Casinos have to work with massive amounts of data; from patron & machine information to food & beverage inventory. The amount of reports, spreadsheets and data logs can be completely overwhelming. However, the culmination of all this data is critical as it reveals the fine details of operations and the overall success or failure of a casino.
The data offers a view of past to present. It reflects previous decisions and shows how well they worked over time. What if you could use that data to somehow peer into the future? How is that even possible? You can start by studying patterns, specifically, data patterns that can be recognized by Artificial Intelligence (AI) engines which then can be turned into “models” that can be tested against.
An example of time series patterns
For example, using a combination of Business Intelligence, (BI) and AI software, one can view into the depths of data and begin making correlations between Patron Activity and Marketing Promotion metrics. In doing so, one could work closely with casino property directors to begin asking specific questions that will allow for targeted data comparison. “If we change [x] in our current marketing promotion, can we determine an increase or decrease in Theoretical Wins (Theo’s) in the coming months?” Theo’s are numbers that describe expected house wins for a player. It’s also related to the game that they are playing. To get Theo, all one needs are; House Edge (the ratio of the average loss to the initial bet) and Total Amount Wagered. The formula is as follows: Theo = (House Edge) x (Total Amount Wagered).

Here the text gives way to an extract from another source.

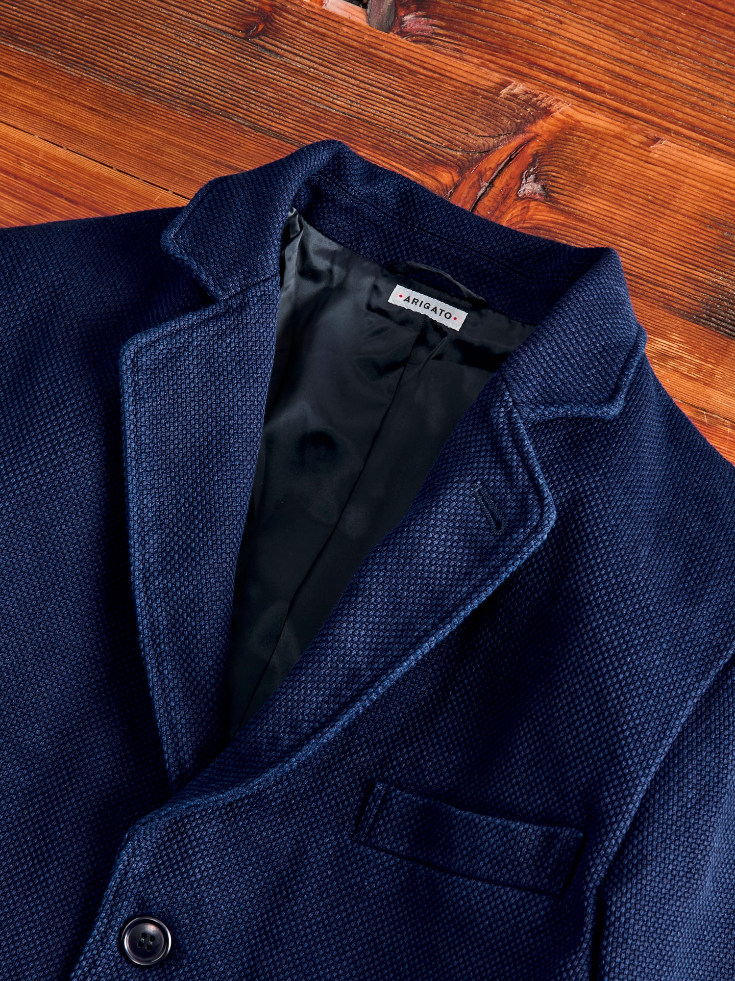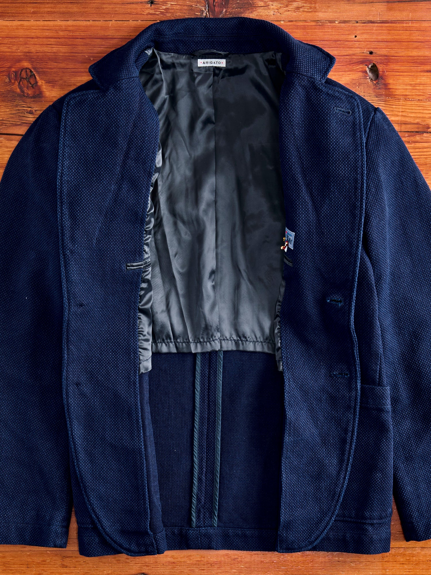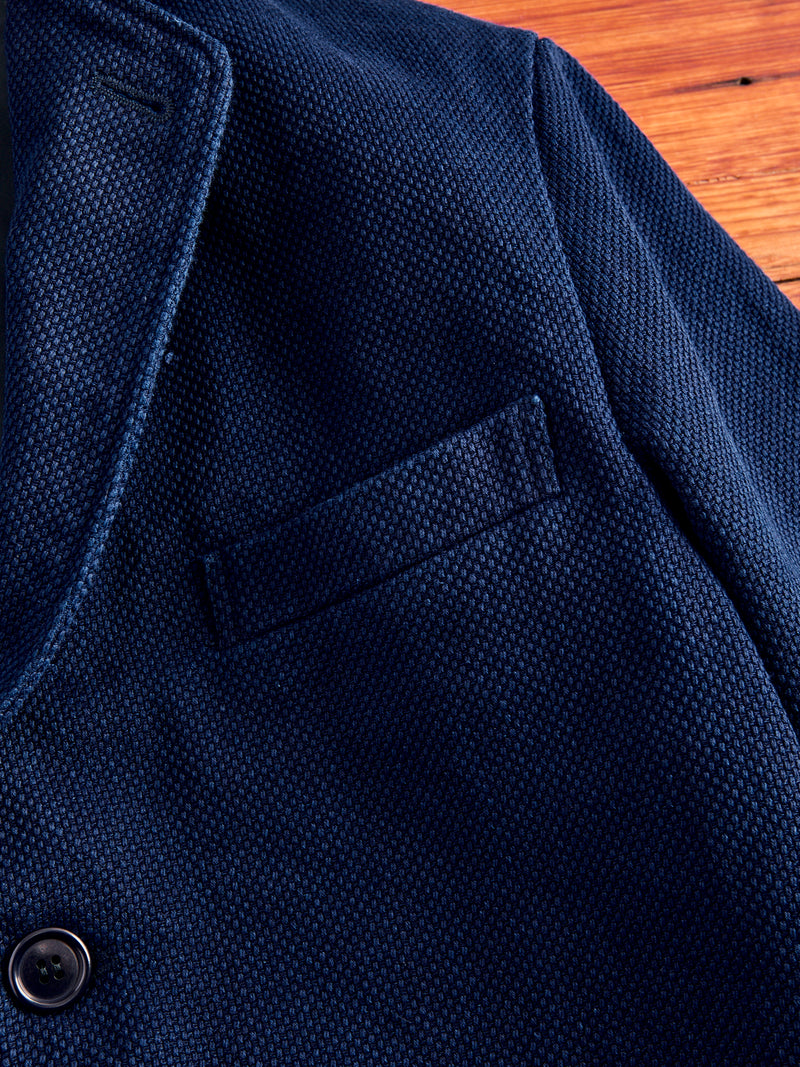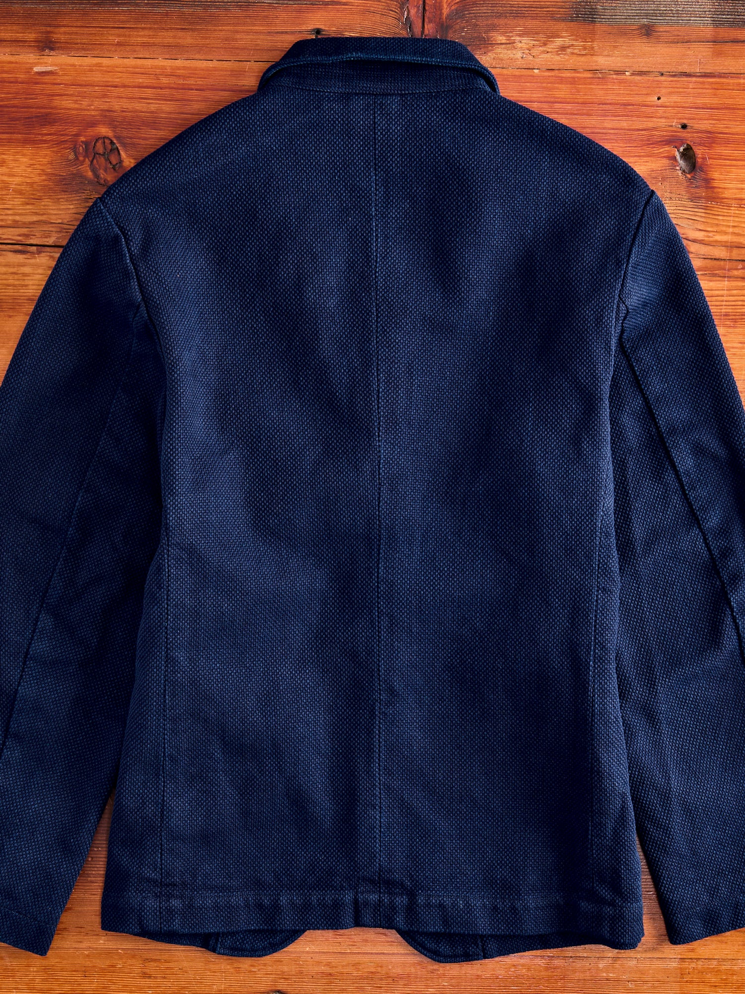 Double Cloth Sashiko Tailored Jacket in Hand Dyed Indigo

The reason Theo is such an important number is it can determine the investment a casino has into a player. Overinvest in a player and they start to feel entitled. When trying to pull back or correct through marketing and promotions the player will sense these changes. Less investment will have them thinking about taking their money elsewhere. Underinvest and players feel like the casino is cheap – they will leave and tell everyone they know. It’s a fine line to balance; that’s where the immense power of computers and AI can help.
Computer Power
We live in an amazing time right now where computing technology has advanced tremendously. Coming from the early 1940’s where room-sized computers filled with vacuum tubes, camshafts and relays where used to decode wartime messages to the latest Apple watch (2019). These new age computerized devices are tiny enough to wear comfortably. Think about that for a moment.
Another amazing and slightly scary advance is that your tiny wearable computer is sending data to 3rd parties who ultimately end up using AI engines and other sophisticated software to market targeted advertising based on your activities.

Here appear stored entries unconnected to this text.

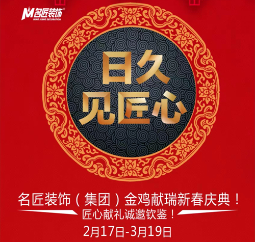 2017年名匠裝飾金雞獻(xiàn)瑞新春慶典,匠心獻(xiàn)禮誠邀欽鑒!2月17日——3月19日全國238城聯(lián)袂獻(xiàn)禮匠心服務(wù)!“日久見匠心”活動分為兩個主題——《春天的禮物》、《為愛點亮的小夜燈》。名匠裝飾新春盛宴“日久見匠心”活動感恩回饋一大波鉅惠在等候各位光臨,對于需要裝修的朋友們,如果還沒有想好的話,就來名匠裝飾吧!
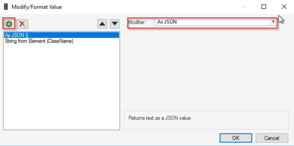 - Click again, select String from Element from the Modifier drop-down, and type the name of the key for the new value you put in the dictionary in step 4, such as ClassName.
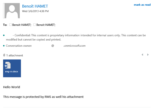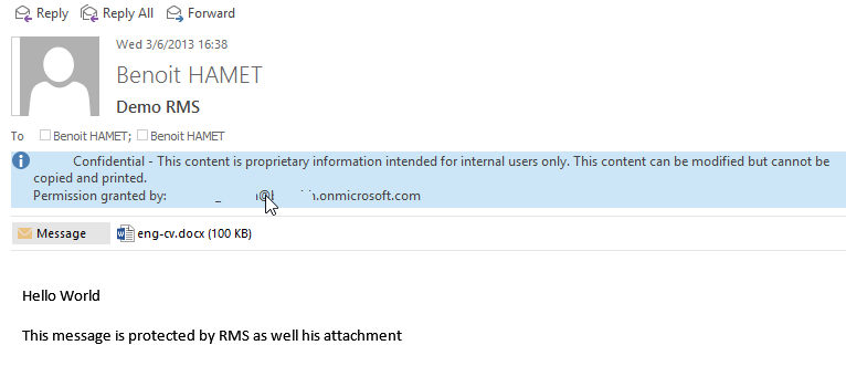 Message received and protected by RMS
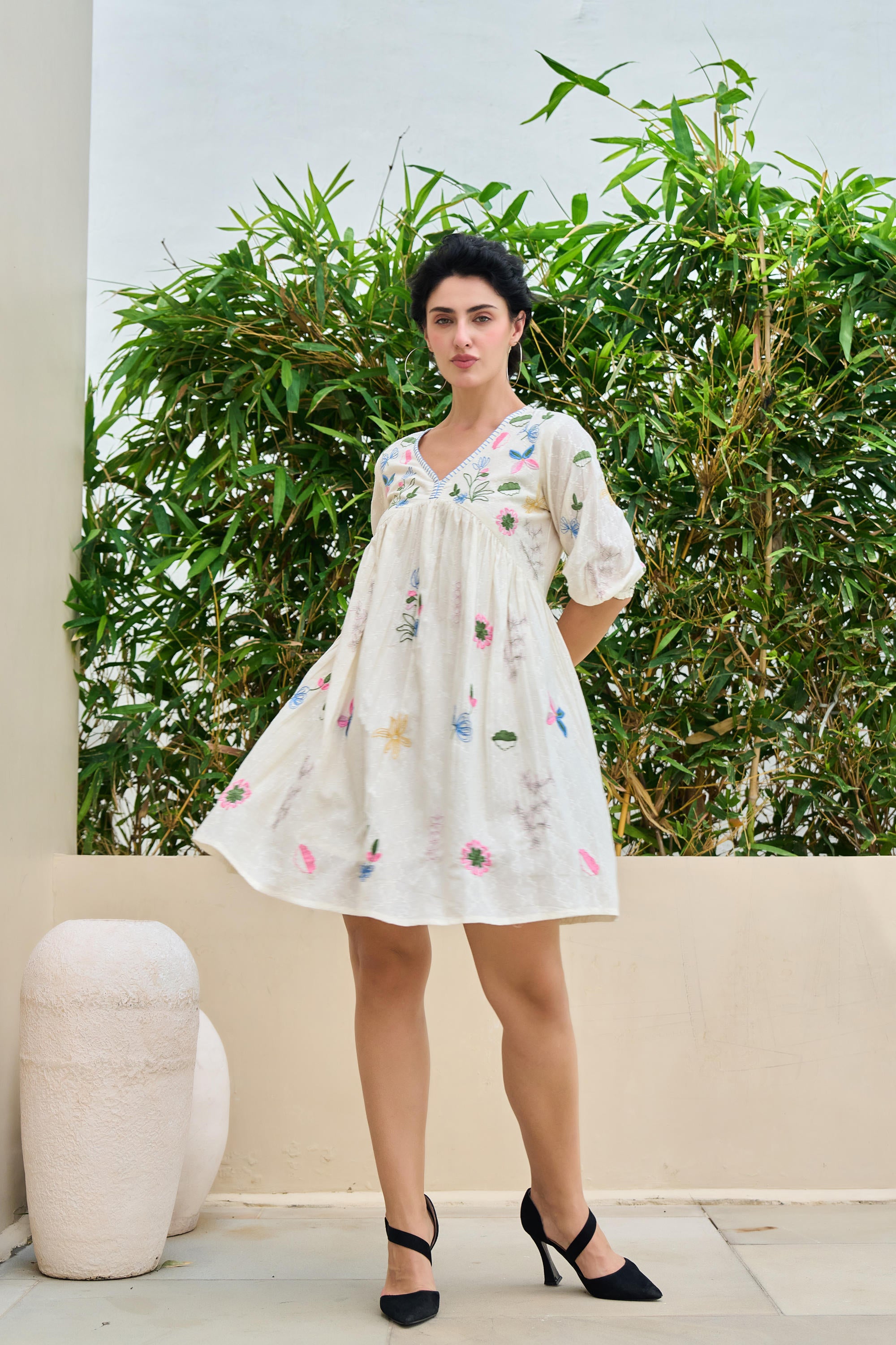 OFF-WHITE FLORAL EMBROIDERED FIT & FLARE SHORT DRESS
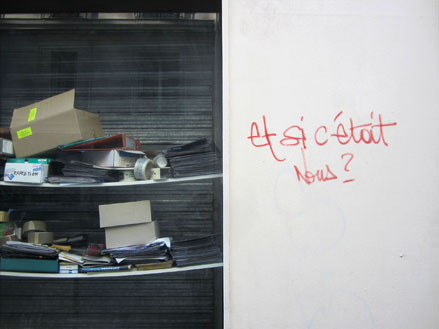 Mais cet expulsable en sursis, auquel on a coupé les vivres et l’électricité a décidé de tenir un journal mural, pour rompre le cercle vicieux de son opprobe sociale. Tant qu’à passer pour un occupant abusif – un de ces «assistés» voués aux gémonies par la gauche & la droite de Manuel Vals à Marine Le Pen –, inutile de s’en cacher, mieux vaut livrer son cas de (sale) espèce de (faux-)chômeur à la publicité. Et sortir de ses gonds pour rester dans la place.
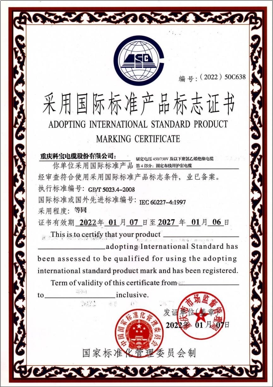 采用国际标准产品标志证书

DSIR Ace Pilot (1950) – 1st “stored program” computer & the Apple Watch (2019)
Artificial intelligence engines can sort, categorize and correlate massive amounts of data in minimal time. Let’s have some fun with a quick example using patron surveillance data from companies such as eConnect that specialize in facial recognition & fraud prevention:
1 – Look through 1,000 surveillance photos of patrons in a high-limit area; spend at most 1 second on each, (takes about 16.7 minutes)
2 – While doing so, note date/time taken and does Mr. Gamble appear in the picture?
3 – Once you have all that information, plot out a chart that shows frequencies of Mr. Gamble’s presence in the high-limit area over time.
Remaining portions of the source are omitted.